A propos de la guerre d’Algérie et de l’Algérie française, tous les records de bourrage de crâne ont été battus. Bourrage de crâne élaboré puis formulé à partir de généralisations grotesques, de schématisations conventionnelles, de déformations effarantes, de raisonnements puérils et de contradictions monumentales.

Aujourd’hui, combattre ce bourrage de crâne dans ses conséquences européennes et planétaires, relève, en apparence tout au moins, d’une mission impossible, nous l’avons maintes fois souligné. Cette mission peut apparaître avant tout présomptueuse.

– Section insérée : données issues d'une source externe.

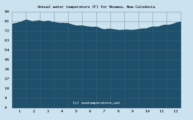 Throughout the year, the sea temperature in Noumea is always above 64°F (18°C), the sea temperature exceeds 72°F (22°C) for 366 days, and exceeds 77°F (25°C) for 189 days.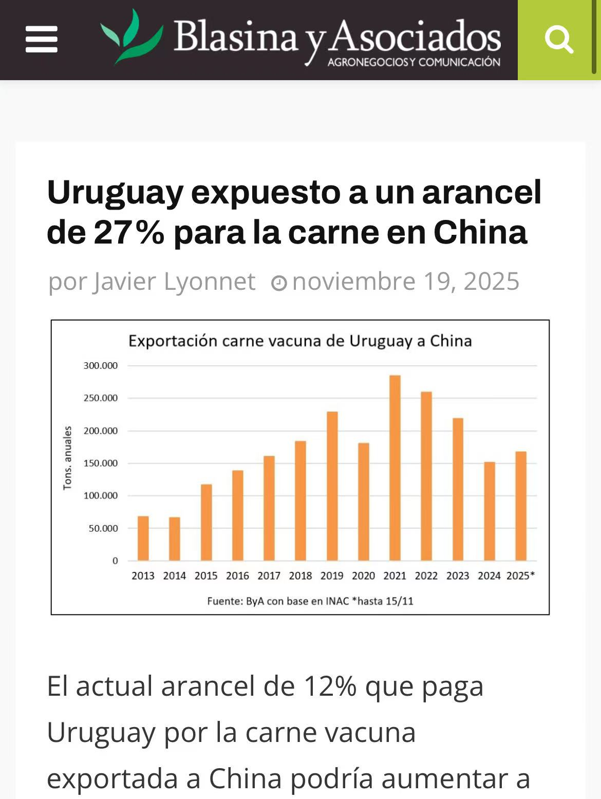 外媒消息,据乌拉圭行业代表透露,目前乌拉圭对华牛肉出口享受12%的关税待遇,但这一税率可能于11月26日后出现显著上升。根据中国即将公布的保障措施调查决议,可能额外加征15%的税率,使总关税水平达到27%。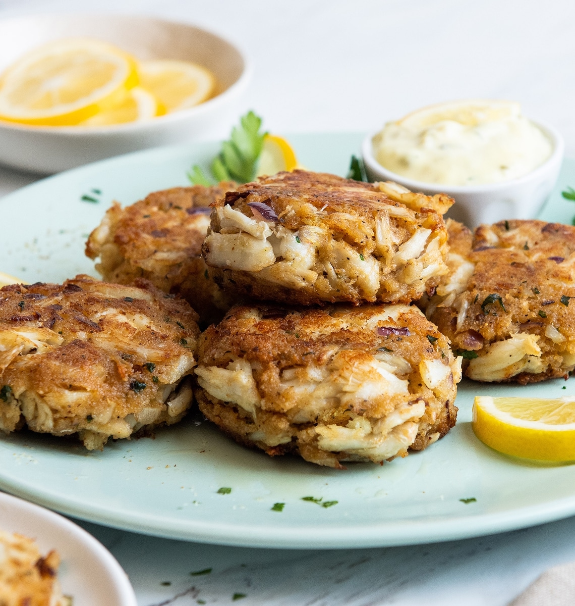 - In a bowl combine eggs, mayonnaise, bread crumbs, red onion, parsley, Worcestershire sauce, mustard, creole seasoning, paprika, and black pepper.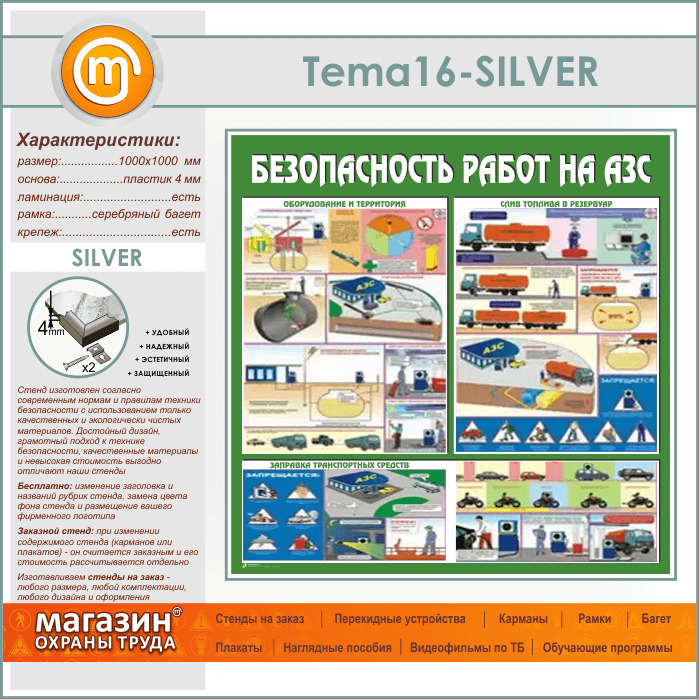 Стенд «Безопасность работ на автозаправочных станциях» (TM-16-SILVER) в Великом Новгороде купить

En effet, elle n’est alimentée ni plus ni moins, que de l’ambition utopique de provoquer, ou tout au moins d’espérer, de superbes retournements chez les autres, dans leur manière d’appréhender cette page d’histoire « Algérie française ».

Page d’histoire affectée officiellement d’un tabou historique par ceux qui ne veulent plus y réfléchir.

Il est temps de leur enseigner que les tabous historiques ne sont concevables qu’au sein de dictatures politiques ou théocratiques modernes.

Et c’est, motivés par ce refus de nous soumettre à ces tabous que nous précisons : les liquidateurs de l’Algérie française, ou plutôt les assassins de la France Sud-Méditerranéenne ont préféré faire de la Méditerranée, une frontière.

-  UNE FRONTIÈRE AU SUD DE LAQUELLE, un nouvel envahisseur s’apprête à anéantir, historiquement, l’identité à la fois culturelle et spirituelle de notre Occident. Nous soumettre à une nouvelle identité véhiculée par l’envahisseur arabo-islamiste-fondamentaliste. Envahisseur qui nourrit l’ambition proclamée de nous soumettre à une intégration SUD-NORD.

-  UNE FRONTIÈRE, AU NORD DE LAQUELLE séjournent, ou plutôt stagnent des peuples divisés. Des peuples spirituellement dégénérés. Des peuples qui souffrent d’une aliénation de leur destin historique et qui s’offrent tout naturellement en capitulards-collabos à cette nouvelle invasion.

On constate en effet que, contre cette invasion-imprégnation, ne s’oppose rien.

Si ce n’est une béatitude générée par une référence permanente, rabâcheuse et ringarde au gaullisme.

Le gaullisme, refuge idéologique de tous les « mal-comprenants » du siècle passé et du siècle actuel. Le gaullisme qui jouit encore de la propriété de conférer à nos cadres politiques modernes, parfois de jeunes cadres, des airs de « jeunes gérontes »… ou de gérontes précoces de la politique moderne.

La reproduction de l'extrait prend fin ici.